Last Friday we headed to the embassy in London to register Keiki's birth and apply for his other passport.
When we did this for Humuhumu, the bloke's trousers split as we were navigating the packed morning Tube. He got to swear his oath of truthfulness before the consular officer with his jumper artfully tied about his waist to keep his pants from peeping out playfully from beneath his trousers. We were therefore anticipating some manner of sartorial disaster to befall one of us during the adventure.

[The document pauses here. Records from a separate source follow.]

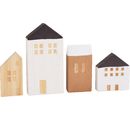 Dzięki wysokości 11 cm i długości 18,5 cm, ta seria drewnianych domków przyciąga wzrok w każdym pomieszczeniu. Różne rozmiary domków pozwalają na stworzenie atrakcyjnej i dynamicznej dekoracji, która pięknie wkomponuje się w każde otoczenie.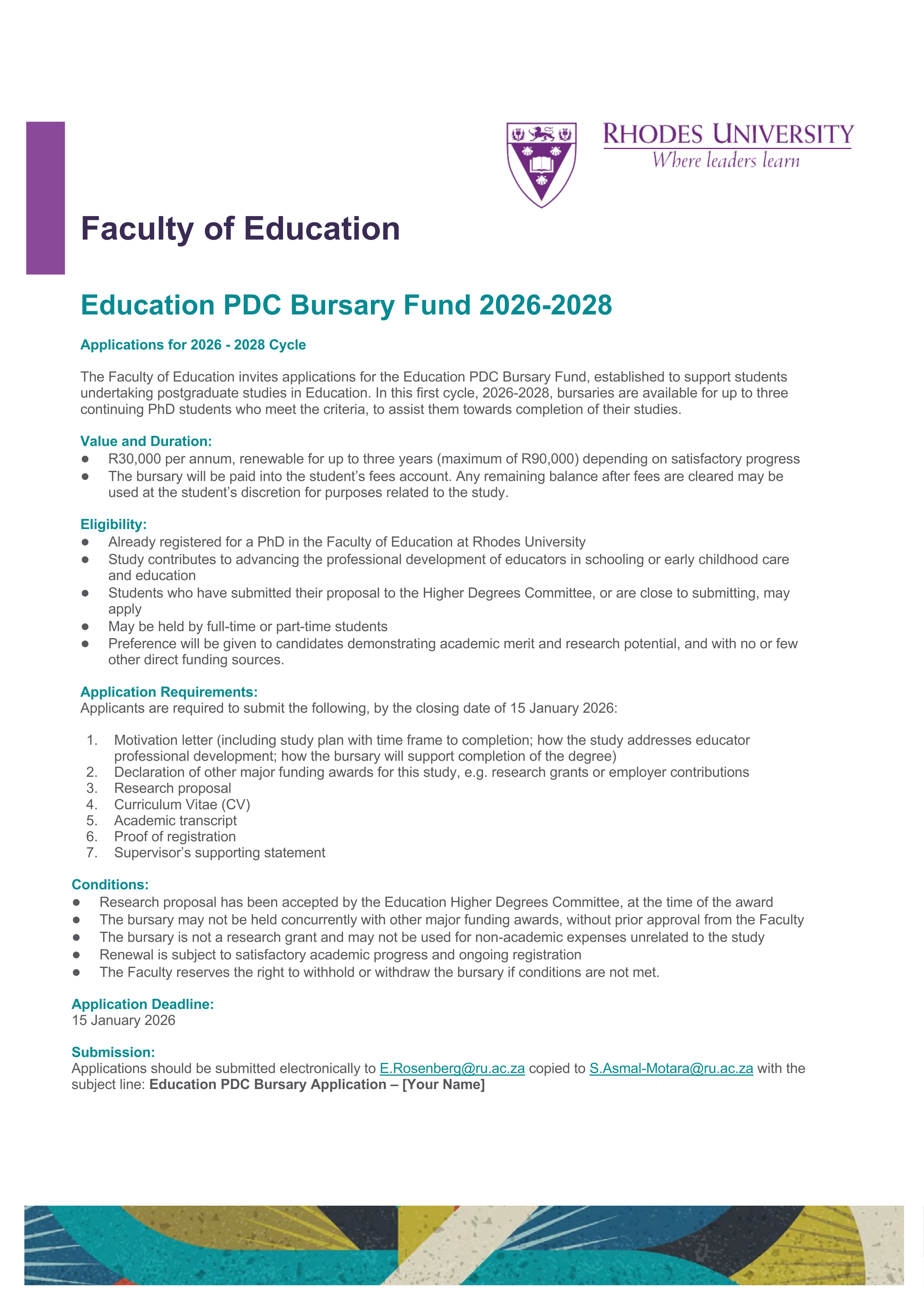 Our Faculty offers a range of qualifications within and across four broad education sectors, namely higher education, schooling, early childhood and post-school education, training and development practices. This is offered in three departments and several affiliated centres and institutes.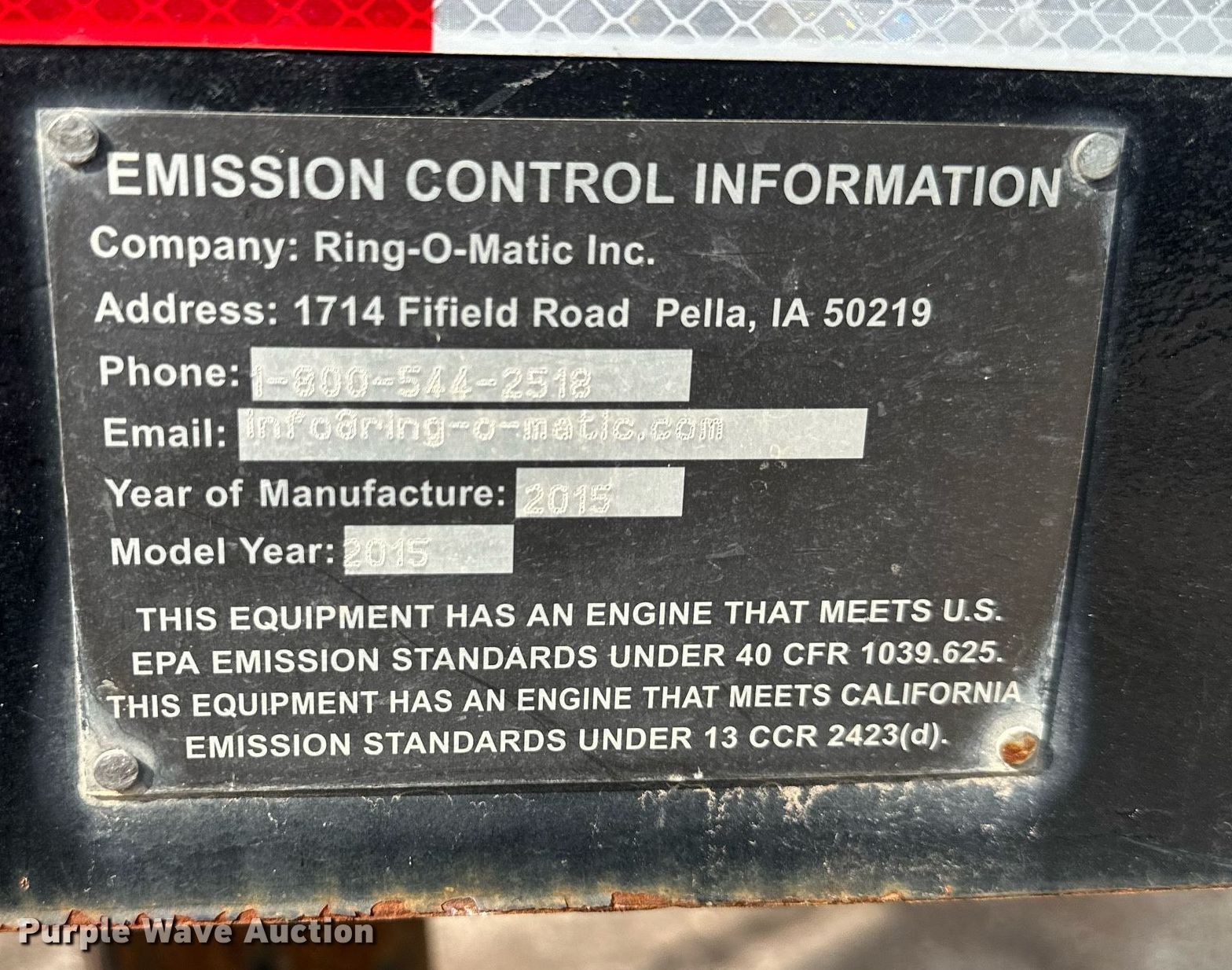 Purple Wave is selling a used Vacuum Excavator in Kansas. This item is a 2015 Ring-O-Matic 1300 vacuum excavator with the following: Hours: 300 on meter, VIN: 1R9J12434FP303005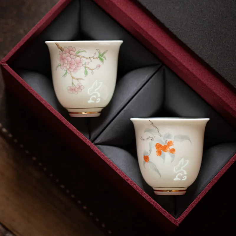 Bulk White Porcelain Floral Tea Tasting Cup Gongfu Host Cup Gift Box 13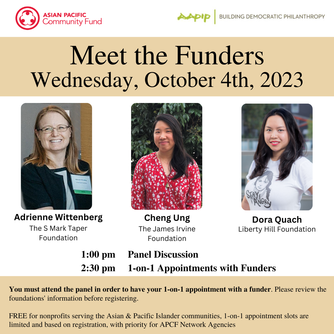 Thank you for registering to APCF’s Meet the Funders event on Wednesday, October 4th at 1:00pm.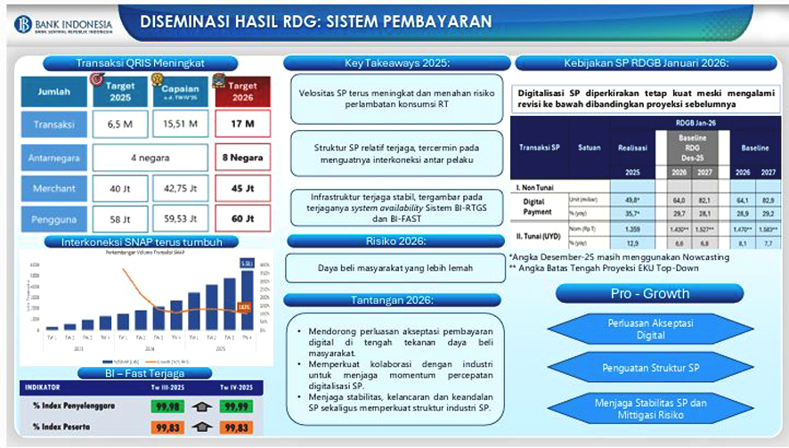 BI melihat prospek 2026, bahwa kredit pada tahun ini masih di bawah optimalnya, sementara corporate secara bertahap mulai meningkatkan ekspansi, khususnya pada SK terkait dengan program pemerintah, namun preferensi penggunaan dana internal masih dinilai tinggi.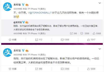對此,支付寶回應稱(chēng):“剛剛,支付寶的機房網(wǎng)絡(luò )出現了短暫抖動(dòng),影響了部分用戶(hù)的使用體驗。一切已經(jīng)恢復正常,大家的資金和信息安全不會(huì )受到影響哈。”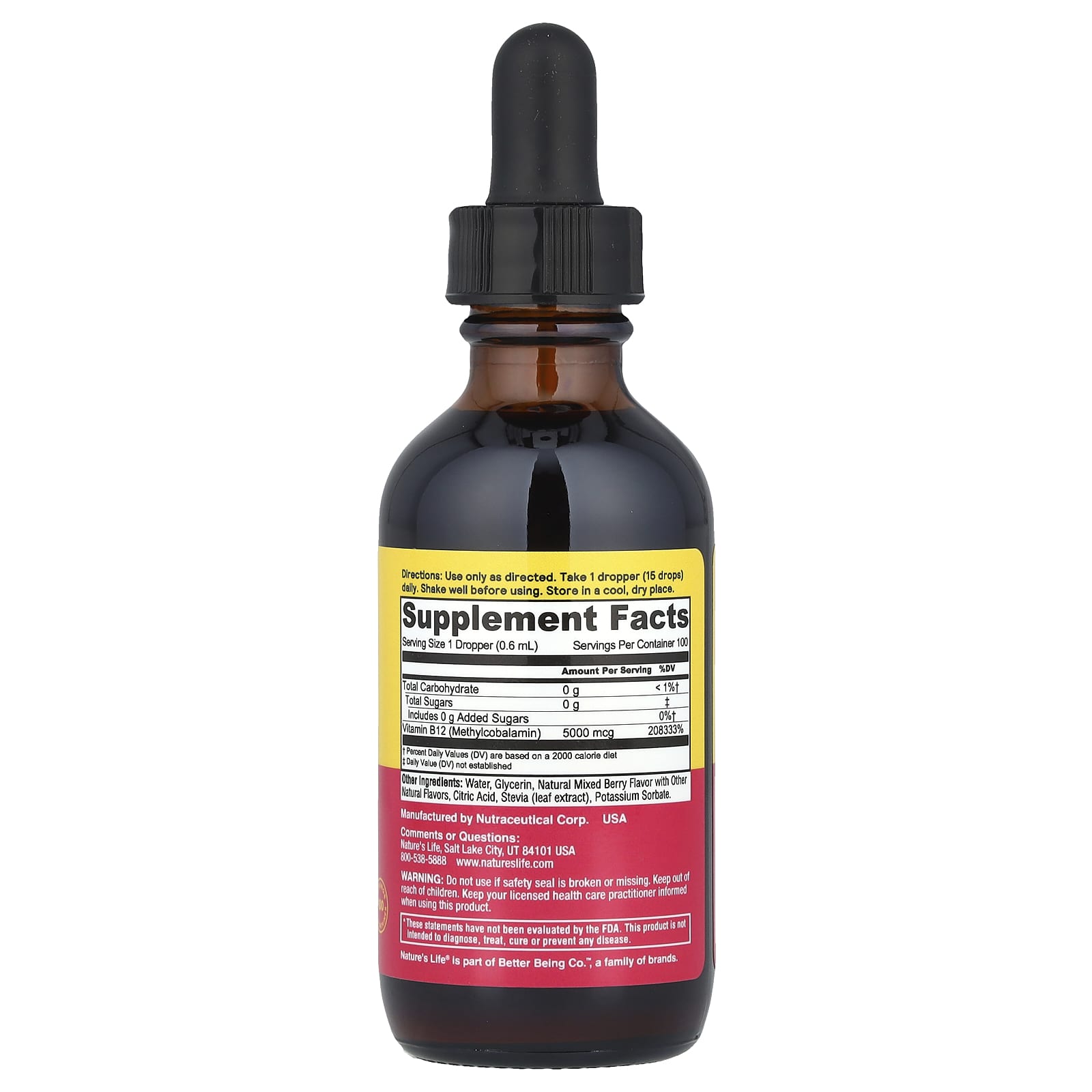 Natures Life Gotas de B-12 Sem Açúcar Frutos Silvestres 5.000 mcg 60 ml (2 fl oz)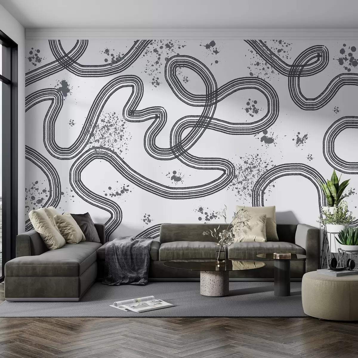 Фототапет Линейна рисунка, пръски боя, минимализъм, сив цвят Nr w03408v2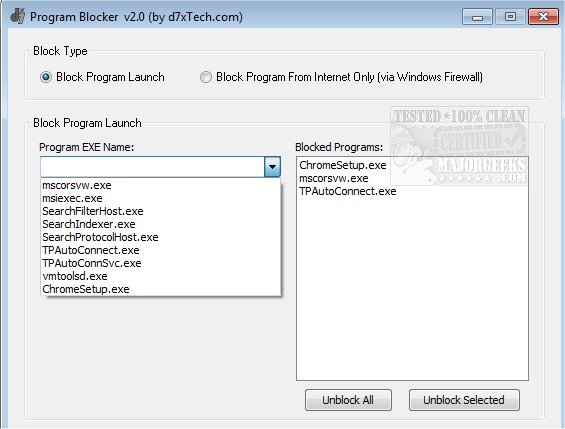 d7xTech Program Blocker comes preloaded with several potential programs to be blocked, and they can be selected and added to your list. You do have the choice to unblock one or all of the programs if the need arises. Additionally, you can also select between blocking the program launch and blocking the program from the internet via the Windows Firewall.

It didn't happen during the commute, which was unnecessarily exciting due to the cancellation of our first train. We hustled to get on a train going in the opposite direction so that we could travel instead via fast train. The fast train, by virtue of being fast, was also rammed, so we ended up getting on the next slow train, which stopped at the station we started in, only 15 minutes later. Humuhumu, who loves public transport, entertained morning commuters on the busy platform by gleefully greeting the arrival of every train with, "OH, TRAIIIN!", whilst her parents attempted to disappear into their hats.
Despite the delay we still arrived a comfortable margin before our appointment to go through the security checks and unintentionally play "spot the celebrity". (Last time it was Jay Rayner. This time it was Rita Ora. Her assistant interrupted our initial check-in to determine where to go for a VIP appointment.)
Once we were through into the citizen-only waiting room, Humuhumu gravitated towards the soft play area and promptly befriended a small boy. Or rather, attracted a small boy follower whom she scarcely noticed. (This is a theme at her nursery as well. She has a staunch attendant there who always fetches her coat and bag when we come to pick her up.) He toddled loyally after her, presenting her with blocks that she could integrate into her sculptures, which she then kicked over gleefully.
After paying the fees for the registration and passport, we settled down to wait until we were called before a consular officer. Keiki woke, realised he hadn't been fed for a while, and squawked. I arranged my cover and sat down to feed him. When he was finished, I removed the cover to find that the sartorial disaster had struck. These days I find I don't have much leakage from the opposite breast whilst feeding, and when I do, a breast pad is more than sufficient to soak it up and protect my clothing. But of course, not this time. My entire right side was soaked. There was no way to conceal it without putting my wool coat back on, which I did, even though it was tropical in the waiting room.
In the end, I swore my oath of truthfulness to the consular officer whilst sweating profusely and smelling faintly of stale milk. Classy.